→ EXERCISE DETAILS: Starting at the line that contains "Mod.: 22531 8", retype each line to the end of the listing below. Include both ends, but not the pictures.

→ TASK INPUTS:
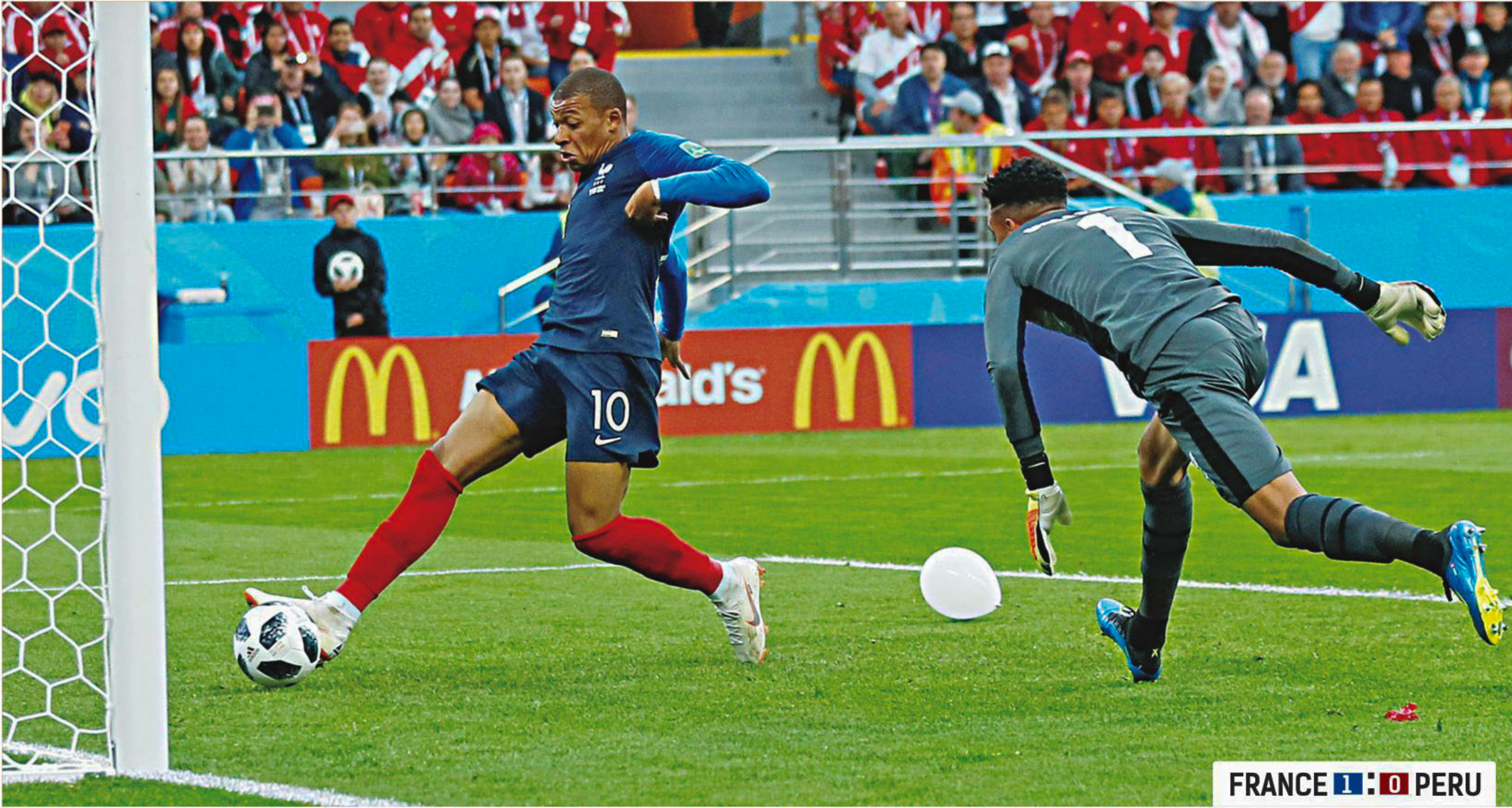
Kylian Mbappe (L) became the youngest French player to score in a World Cup, getting the decisive goal in a 1-0 win over Peru yesterday. The win means that France advance to the round of 16 while the winless Incas are eliminated.

MARCELO (BRAZIL) Always runs onto the pitch right foot first. The habit is so ingrained that during training in Rostov-on-Don he left the pitch and re-entered after realising he had accidentally led with his left foot. "Everybody likes to enter with the right foot, right? I'm no different," he laughed when quizzed by reporters.
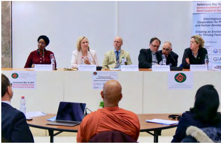
Panel on War and Crisis Zones: Maintaining Familial Resilience
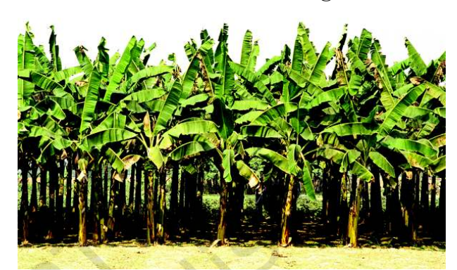
Fig. 4.2: Banana plantation in Southern part of India

In India, tea, coffee, rubber, sugarcane, banana, etc.. are important plantation crops. Tea in Assam and North Bengal coffee in
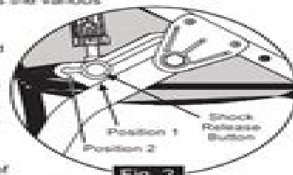
Fig. 2 Swingarm in unfolded position with shock in position 1.

Re-insert the axle fully into the rear dropout until the axle shoulder or snap ring on the axle comes in contact with the dropout (Fig. 5). Move the quick release lever to the closed position (Fig. 6). The word CLOSE should be clearly visible and the quick release lever should almost touch dropout.
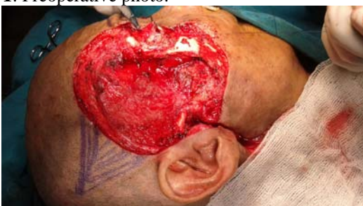
Fig. 2: The temporal defect.
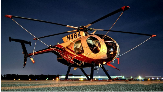
Hughes 500D Blade Tie-Downs

WINTER USE MATERIAL - Made with Solution-Dyed Polyester fabric, this option is intended for seasonal use to aid in deicing, rain mitigation, or for occasional travel. The material is lighter and more compact, but more susceptible to UV damage and may have a shorter useful life if used continuously outside than the all-year use material.
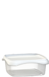
Mod.: 22531 8 oz. - (250 ml) 4.16" (W) X 1.57" (H)
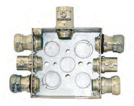
Wiring room using conventional steel connectors

→ ANSWER TO THIS TASK:
Mod.: 22531 8 oz. - (250 ml) 4.16" (W) X 1.57" (H)
Wiring room using conventional steel connectors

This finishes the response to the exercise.